Is initialization order guaranteed?

D

Dave

#include <iostream>

using namespace std;

struct foo
{
int a;
int b;
};

int main()
{
int x = 5;

foo bar = {x = 1, x + 1};
cout << bar.a;
cout << bar.b << endl;

// Is this guaranteed to output "12"?
// Is it possible that this could output "16"?
}


Regards,
Dave
 
V

vindhya

Why should it give 12 or 16. Your statement (x=1,x+1) will assign the
value 1 to bar.a and 2 to bar.b.
So first cout will give 1 and next cout will give 2.
If you change your statement of initializing bar as
foo bar = {1,x+1}
then output will be 1 and 6.
 
D

Dave

vindhya said:
Why should it give 12 or 16. Your statement (x=1,x+1) will assign the
value 1 to bar.a and 2 to bar.b.
So first cout will give 1 and next cout will give 2.
If you change your statement of initializing bar as
foo bar = {1,x+1}
then output will be 1 and 6.

Pasting the code back for reference...

#include <iostream>

using namespace std;

struct foo
{
int a;
int b;
};

int main()
{
int x = 5;

foo bar = {x = 1, x + 1};
cout << bar.a;
cout << bar.b << endl;

// Is this guaranteed to output "12"?
// Is it possible that this could output "16"?
}

What I'm asking is whether the initializers are guaranteed to be evaluated
in order. If the implementation is free to evaluate the initializers in any
order, some compiler might choose to evaluate x+1 before evaluating x = 1.
If this happened, the output would be 16.
 
S

Stephen Howe

vindhya said:
Why should it give 12 or 16. Your statement (x=1,x+1) will assign the
value 1 to bar.a and 2 to bar.b.
So first cout will give 1 and next cout will give 2.

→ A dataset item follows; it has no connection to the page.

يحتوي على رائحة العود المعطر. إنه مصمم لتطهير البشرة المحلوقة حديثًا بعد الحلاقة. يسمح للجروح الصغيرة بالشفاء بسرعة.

Right. And he is not outputting whitespace characters between integers, so
he should see "12" i.e. one integer outputted directly after the other.

Stephen Howe
 
B

benben

vindhya said:
Why should it give 12 or 16. Your statement (x=1,x+1) will assign the
value 1 to bar.a and 2 to bar.b.
So first cout will give 1 and next cout will give 2.

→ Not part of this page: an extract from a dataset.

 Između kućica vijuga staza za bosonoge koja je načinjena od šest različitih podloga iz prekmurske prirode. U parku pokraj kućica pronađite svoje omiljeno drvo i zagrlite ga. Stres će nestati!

so that would make "12" ("1" followed by "2")
 
B

Ben Pope

Dave said:
#include <iostream>

using namespace std;

struct foo
{
int a;
int b;
};

int main()
{
int x = 5;

foo bar = {x = 1, x + 1};
cout << bar.a;
cout << bar.b << endl;

// Is this guaranteed to output "12"?
// Is it possible that this could output "16"?
}

I believe the initialisation order is the order of declaration.

I.e., a then b, and the output will be "12" (newline, etc.)

Even if you had:

#include <iostream>

struct foo
{
int a;
int b;
foo(int val) : b(val + 1), a(val = 1) {}
};

int main(int argc, char* argv[])
{
//And called:
int x = 5;
foo bar = foo(x);
std::cout << bar.a << bar.b << x << std::endl;

return 0;
}

Then the order of initialisation is still the order of declaration (a and then b), not the order of the initialiser list.

Output is "125".

Ben
 
M

msalters

Ben Pope schreef:
I believe the initialisation order is the order of declaration.

True, but are you initializing b with 2 or with 6? If the compiler
uses some kind of stack, it could legally push x+1=6 and then x=1,
then pop 1 to initialize a and then pop 6 to initialize b. That is
still initialization in declaration order. The evaluation of
arguments is another question, and that's not ordered.

The actual output can also be "You're fired". The reason is the
code writes to and reads from x without an intervening sequence
point. That is undefined behavior, and that means all bets are off.

Regards,
Michiel Salters
 
B

Ben Pope

msalters said:
Ben Pope schreef:


True, but are you initializing b with 2 or with 6? If the compiler
uses some kind of stack, it could legally push x+1=6 and then x=1,
then pop 1 to initialize a and then pop 6 to initialize b. That is
still initialization in declaration order. The evaluation of
arguments is another question, and that's not ordered.

The actual output can also be "You're fired". The reason is the
code writes to and reads from x without an intervening sequence
point. That is undefined behavior, and that means all bets are off.

Which is probably why it looks ugly and feels wrong, anyway! Thanks for the clarification.

If you really can calculate the value of two members from one argument, perhaps you have redundant data, which is usually asking for trouble.